• Required action:
Return the material exactly, first line through the line containing "(1)简单应用SET工具建立冒名网站", and nothing more. Pictures stay out.

• Data extract:
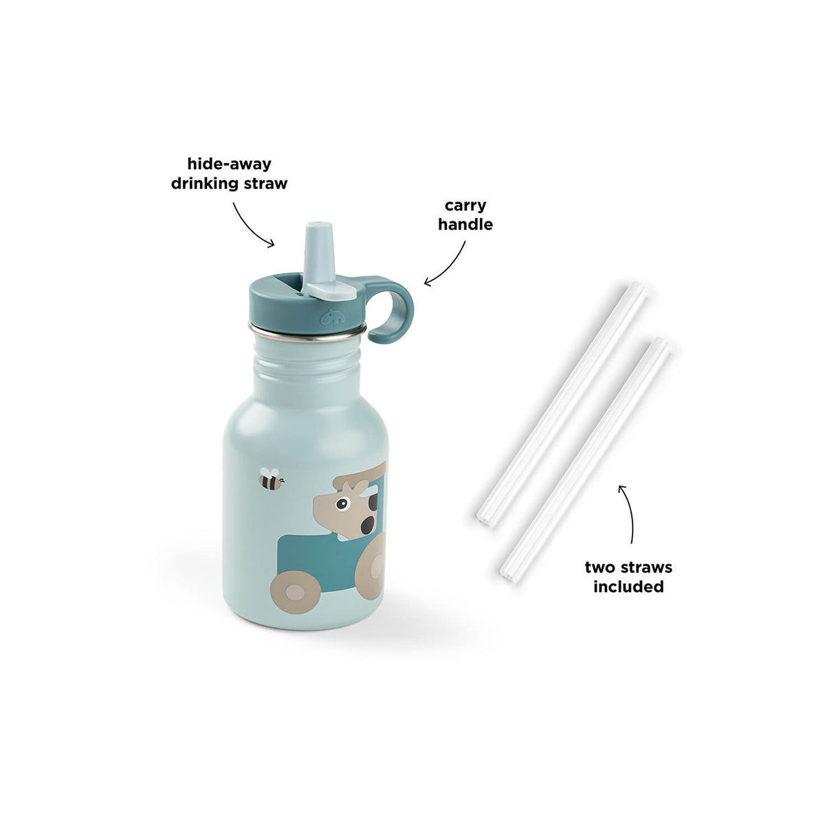 Metalna boca za piće je čvrsta i ima praktičnu slamku za skrivanje. Savršena je za dečji ranac. Dolazi sa dve slamke.
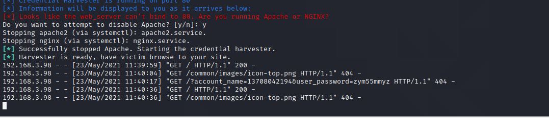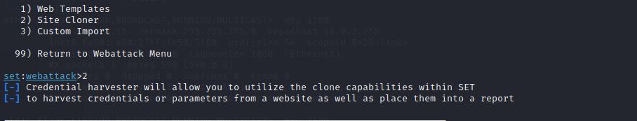 (1)简单应用SET工具建立冒名网站
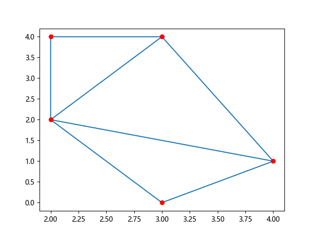 # 三行配置使编译器支持绘图功能: import sys import matplotlib matplotlib.use('Agg') import numpy as np from scipy.spatial import Delaunay import matplotlib.pyplot as plt # 定义二维点集: points = np.array([ [2, 4], # 点 1 坐标 [3, 4], # 点 2 坐标 [3, 0], # 点 3 坐标 [2, 2], # 点 4 坐标 [4, 1] # 点 5 坐标 ]) # 计算 Delaunay 三角剖分: simplices = Delaunay(points).simplices # 绘制三角网格和散点图: plt.triplot(points[:, 0], points[:, 1], simplices) # 绘制三角剖分 plt.scatter(points[:, 0], points[:, 1], color='r') # 绘制红色散点 plt.show() # 两行代码实现图形输出: plt.savefig(sys.stdout.buffer) sys.stdout.flush()
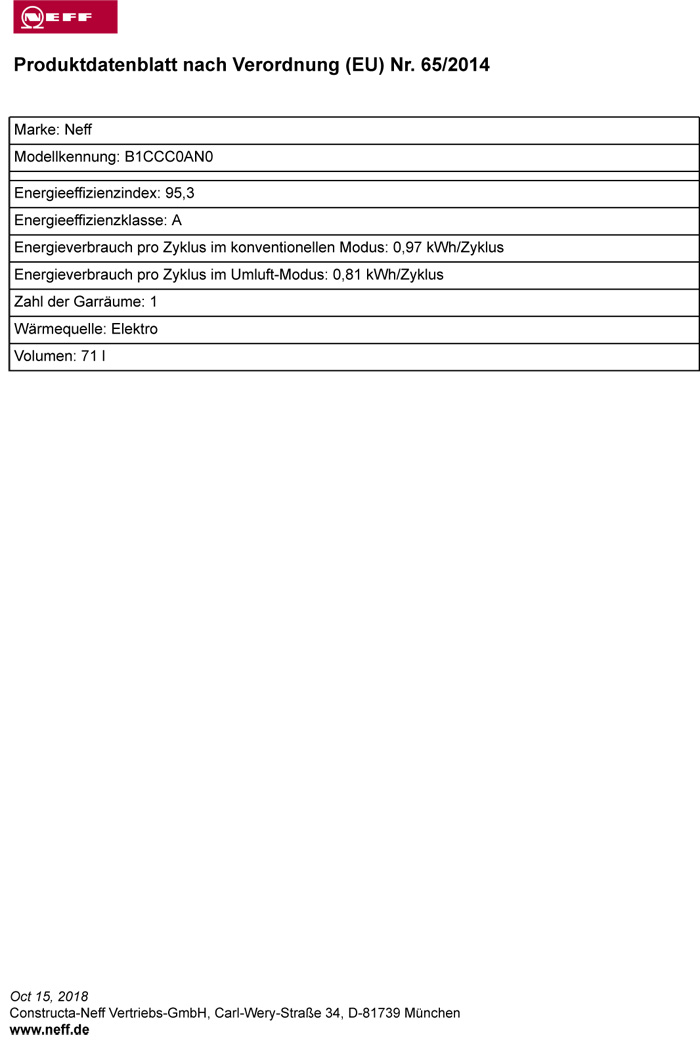 - Energieverbrauch pro Zyklus im Umluft-Modus: 0.81 kWh

• Task answer:
 Metalna boca za piće je čvrsta i ima praktičnu slamku za skrivanje. Savršena je za dečji ranac. Dolazi sa dve slamke.
 (1)简单应用SET工具建立冒名网站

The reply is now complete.